(Collected data begins)

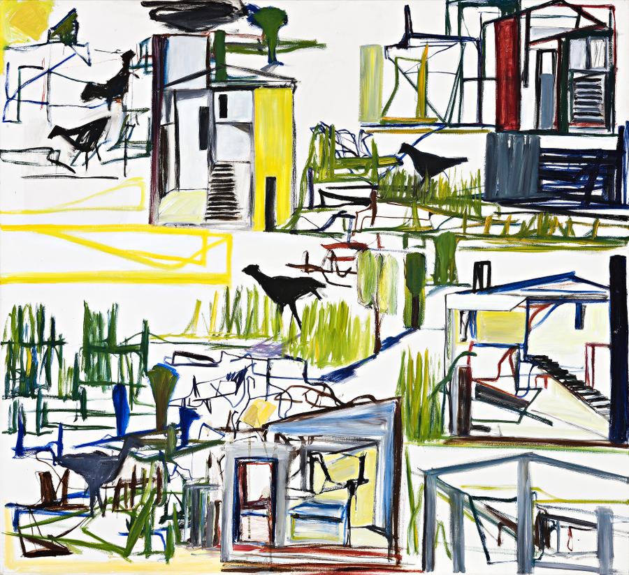 The picture's restrained palette and almost minimalist application of paint suggests a work that has been made rather swiftly. Often, however, Whisson's works are many years in the gestation, especially if one accounts for the time between an image seen, or remembered, through to finally being laid down on the canvas. Multiple painting sessions add to the work's episodic character and each panel could have been made in separate campaigns in which the canvas can be rotated 360 degrees and other motifs added or subtracted. The chooks embedded in the painting's grid-like forms are constant characters that appear with some regularity within Whisson's oeuvre.
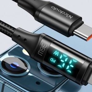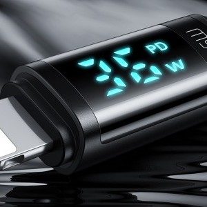 Kövesse nyomon a töltési folyamatot A fokozott kényelem érdekében a kábel egy görbített LED kijelzővel van felszerelve, amely mutatja a töltési teljesítményt, és felismeri, hogy a csatlakoztatott eszköz támogatja-e a PD gyorstöltési protokollt. Ennek eredményeként mindig naprakész lehet!
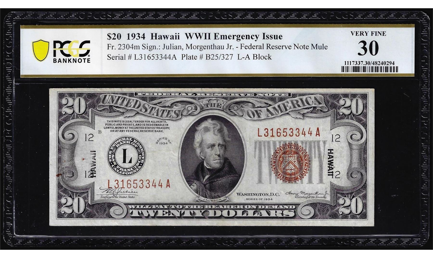 1934 $20 Hawaii WWII Emergency Issue Federal Reserve Note Fr.2304m PCGS Very Fine 30
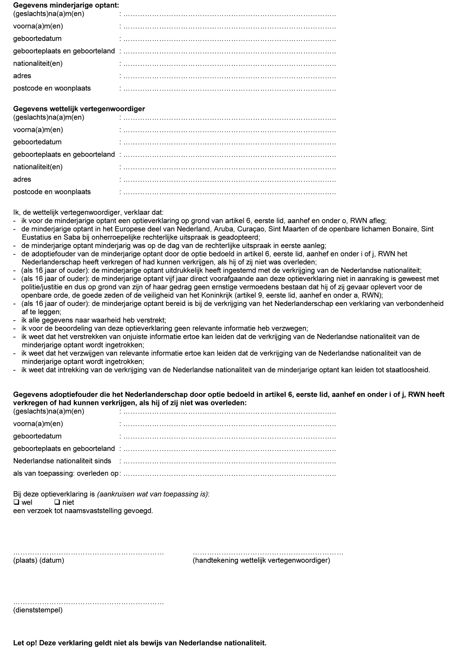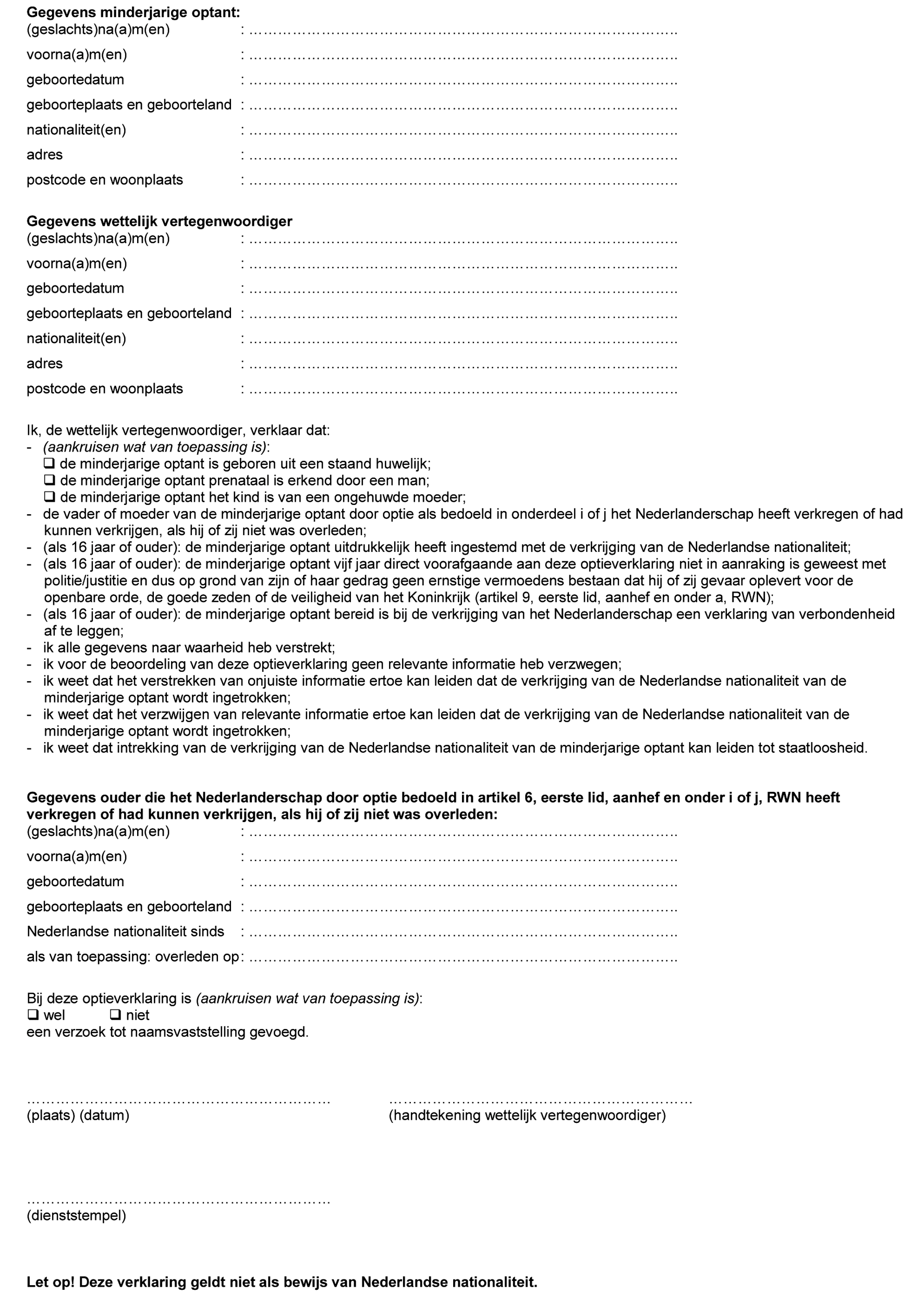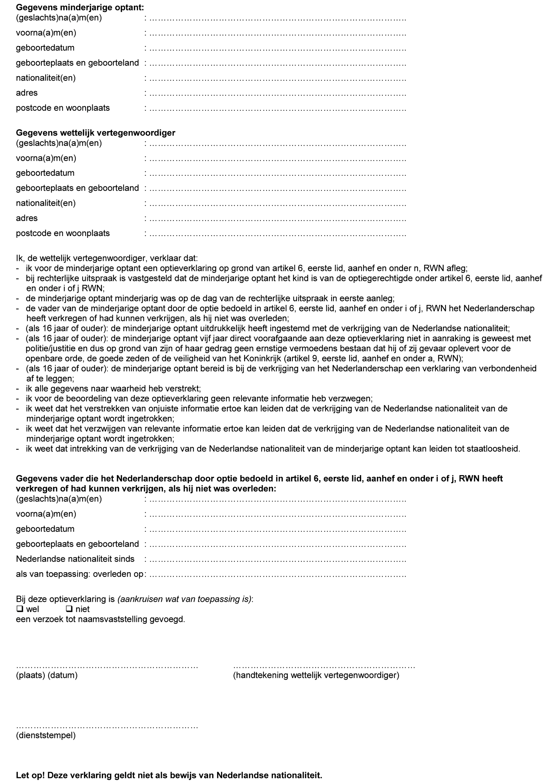 Model 1.6 HRWN-BES: Optieverklaring op grond van artikel 6, eerste lid, aanhef en onder d, RWN (afgelegd door wettelijk vertegenwoordiger) komt te luiden als aangegeven in bijlage 2.

(Collected data ends)

How to complete this task: With the images removed, write out all of the material above exactly.

Task result:
 The picture's restrained palette and almost minimalist application of paint suggests a work that has been made rather swiftly. Often, however, Whisson's works are many years in the gestation, especially if one accounts for the time between an image seen, or remembered, through to finally being laid down on the canvas. Multiple painting sessions add to the work's episodic character and each panel could have been made in separate campaigns in which the canvas can be rotated 360 degrees and other motifs added or subtracted. The chooks embedded in the painting's grid-like forms are constant characters that appear with some regularity within Whisson's oeuvre.
 Kövesse nyomon a töltési folyamatot A fokozott kényelem érdekében a kábel egy görbített LED kijelzővel van felszerelve, amely mutatja a töltési teljesítményt, és felismeri, hogy a csatlakoztatott eszköz támogatja-e a PD gyorstöltési protokollt. Ennek eredményeként mindig naprakész lehet!
 1934 $20 Hawaii WWII Emergency Issue Federal Reserve Note Fr.2304m PCGS Very Fine 30
 Model 1.6 HRWN-BES: Optieverklaring op grond van artikel 6, eerste lid, aanhef en onder d, RWN (afgelegd door wettelijk vertegenwoordiger) komt te luiden als aangegeven in bijlage 2.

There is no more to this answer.